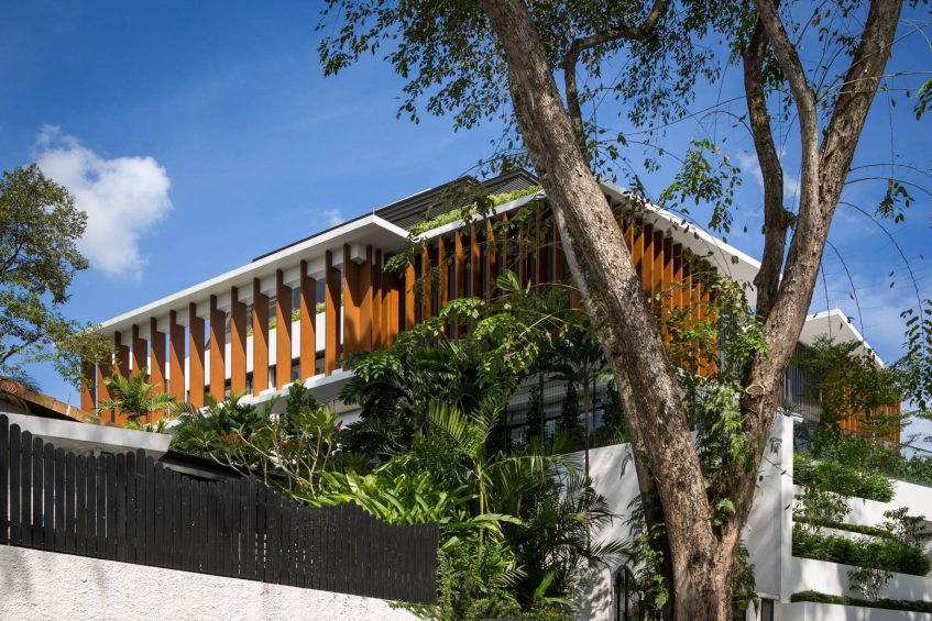 Namly View House is located in an exclusive neighbourhood of Singapore. The site sits on high ground flanked by large trees and surrounded by with a low roof line. The steep topography of the site allows a full basement that opens directly to the public road. The project takes the form of a raised plateau with multiple terraces that surround the site.
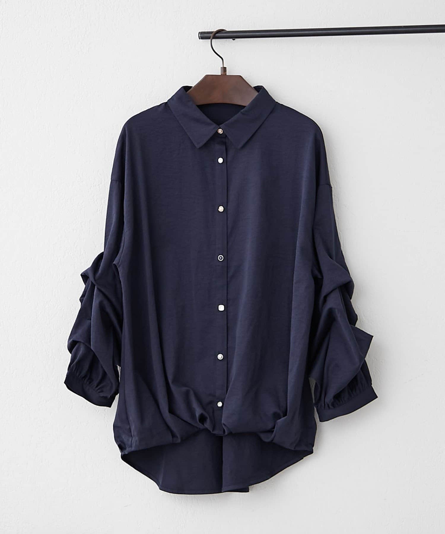 ・デザイン性のある袖が目を惹くタックブラウス
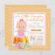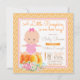 Um convite para chá de fraldas de abóbora com uma adorável menina vestindo uma roupa rosa e fofinha sentada em uma abóbora em um fundo cor-de-rosa e laranja. Você pode personalizar facilmente esses adoráveis convites para o seu evento para o chá de bebê, cor-de-rosa e laranja, simplesmente adicionando seus detalhes.
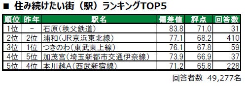 1位は熊谷市に位置する石原で、唯一偏差値80台の極めて高い評価を得ています。石原は、昨年は累計回答数が30名未満でランキング集計対象外だった駅です。2位は2年連続でさいたま市浦和区に位置する浦和で、「住みここち」をはじめとする全てのランキングでトップ4以内に入る高い評価を得ています。3位は、比企郡滑川町に位置するつきのわです。
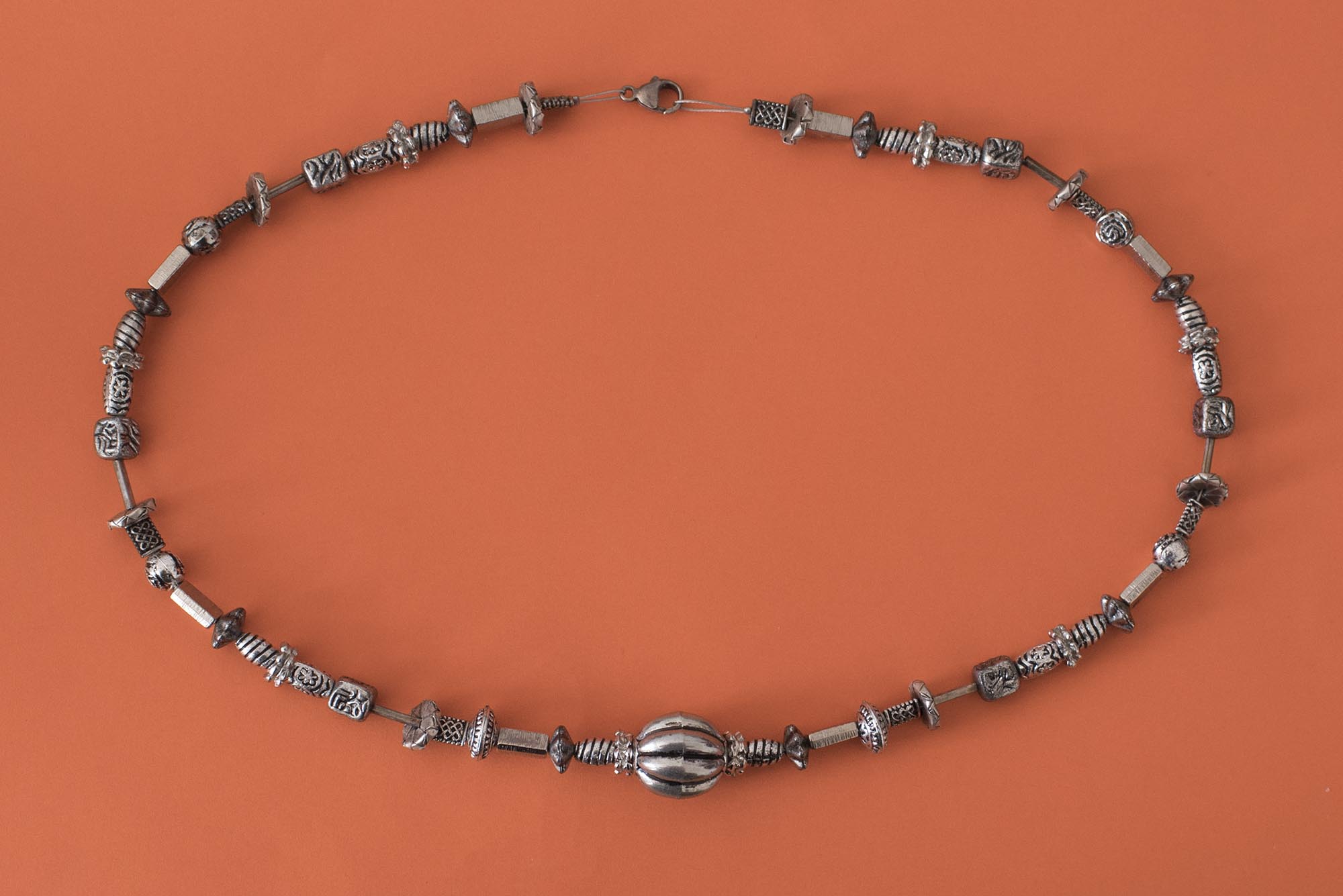 Das Foto zeigt die Kette auf einen knallorangenen Hintergrund. Die Kette besteht aus silbernen Perlen. Es gibt immer abwechselnd eine längliche Perle und eine runde Perle. In der Mitte der Kette gibt es eine große Perle mit Rillen.
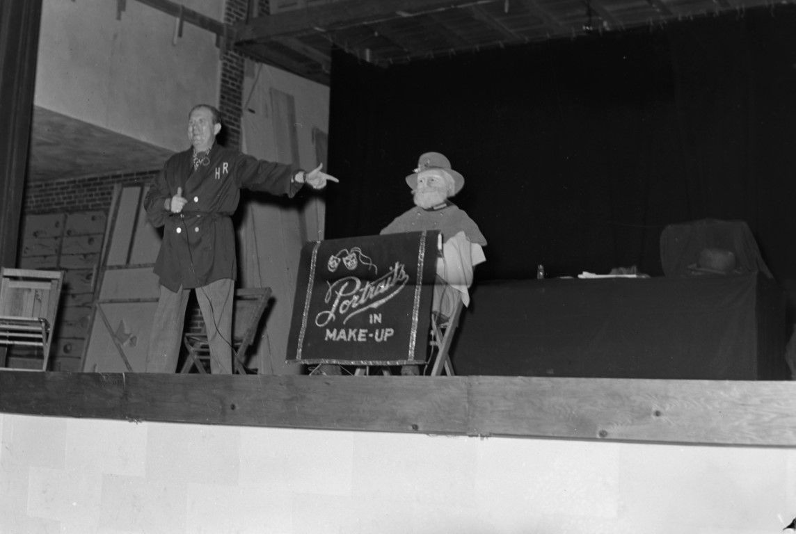 A man in a smock is standing on stage and pointing at another person in makeup who is sitting behind a sign that says "Portraits in Make-up."
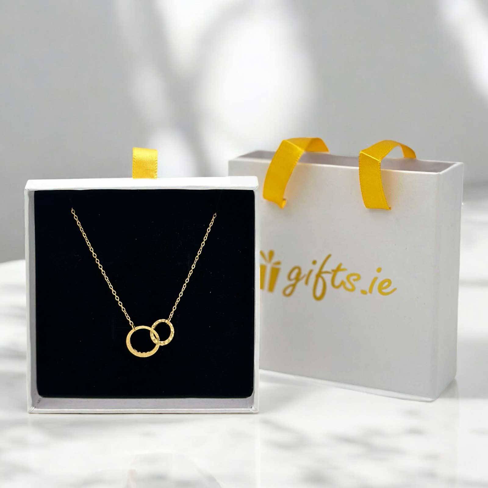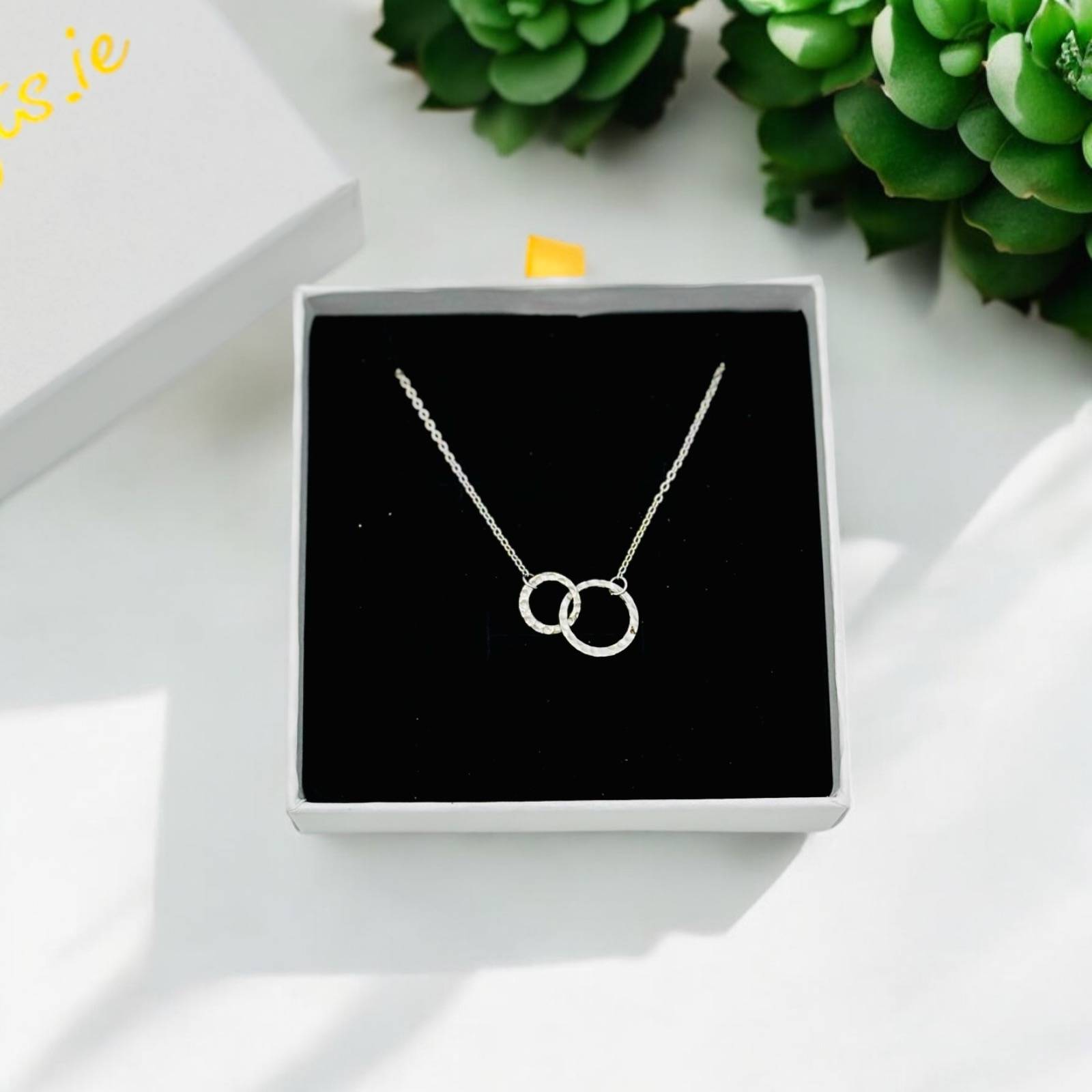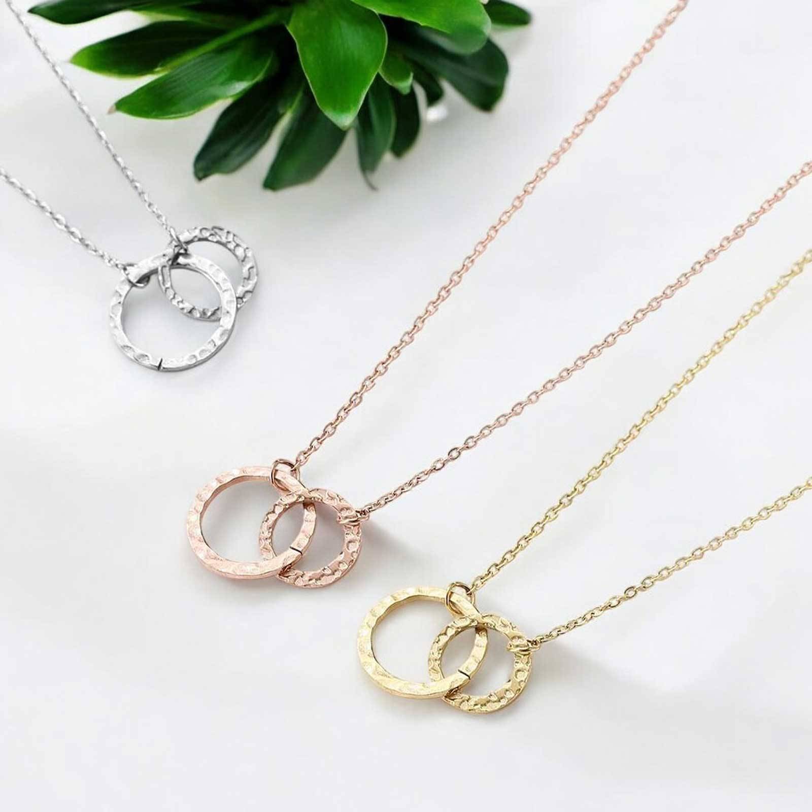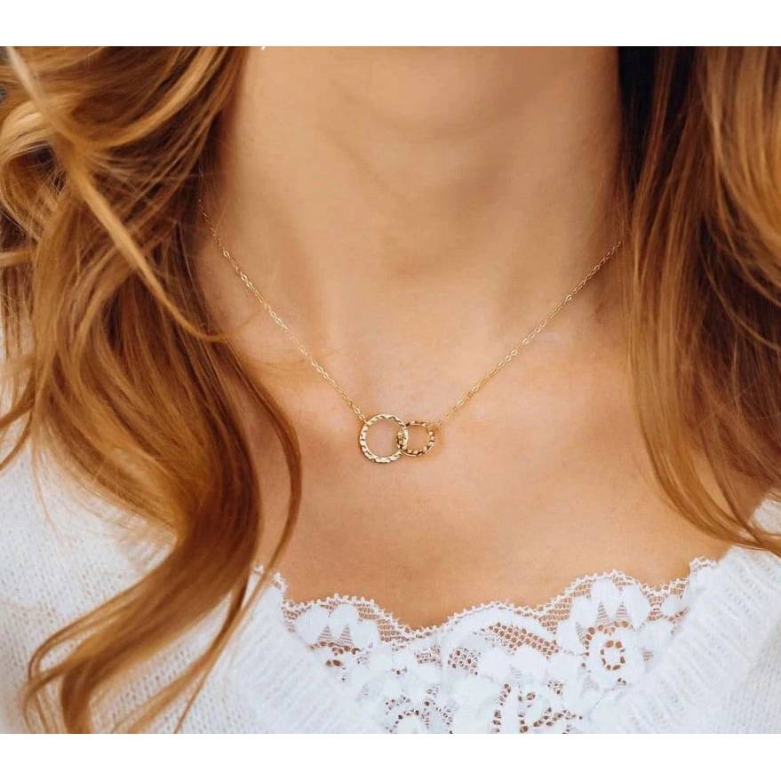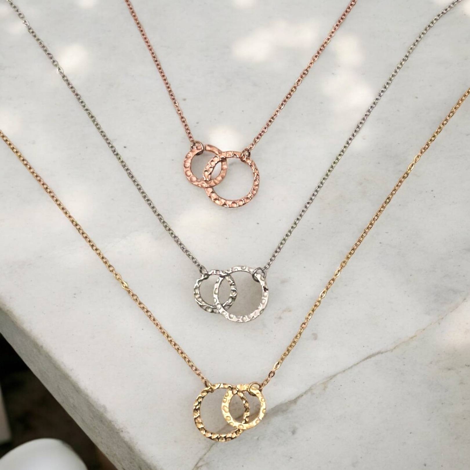 Our stunning Rose Gold interlink necklace features two hammered discs interlinked—perfect for everyday wear, worn alone or paired with other necklaces.

##########

• _Requirement_:
A word-for-word copy is needed of the lines from the line holding "1位は熊谷市に位置する石原で" through the end of the records, both included, excluding every picture.

• _Output of the task_:
 1位は熊谷市に位置する石原で、唯一偏差値80台の極めて高い評価を得ています。石原は、昨年は累計回答数が30名未満でランキング集計対象外だった駅です。2位は2年連続でさいたま市浦和区に位置する浦和で、「住みここち」をはじめとする全てのランキングでトップ4以内に入る高い評価を得ています。3位は、比企郡滑川町に位置するつきのわです。
 Das Foto zeigt die Kette auf einen knallorangenen Hintergrund. Die Kette besteht aus silbernen Perlen. Es gibt immer abwechselnd eine längliche Perle und eine runde Perle. In der Mitte der Kette gibt es eine große Perle mit Rillen.
 A man in a smock is standing on stage and pointing at another person in makeup who is sitting behind a sign that says "Portraits in Make-up."
 Our stunning Rose Gold interlink necklace features two hammered discs interlinked—perfect for everyday wear, worn alone or paired with other necklaces.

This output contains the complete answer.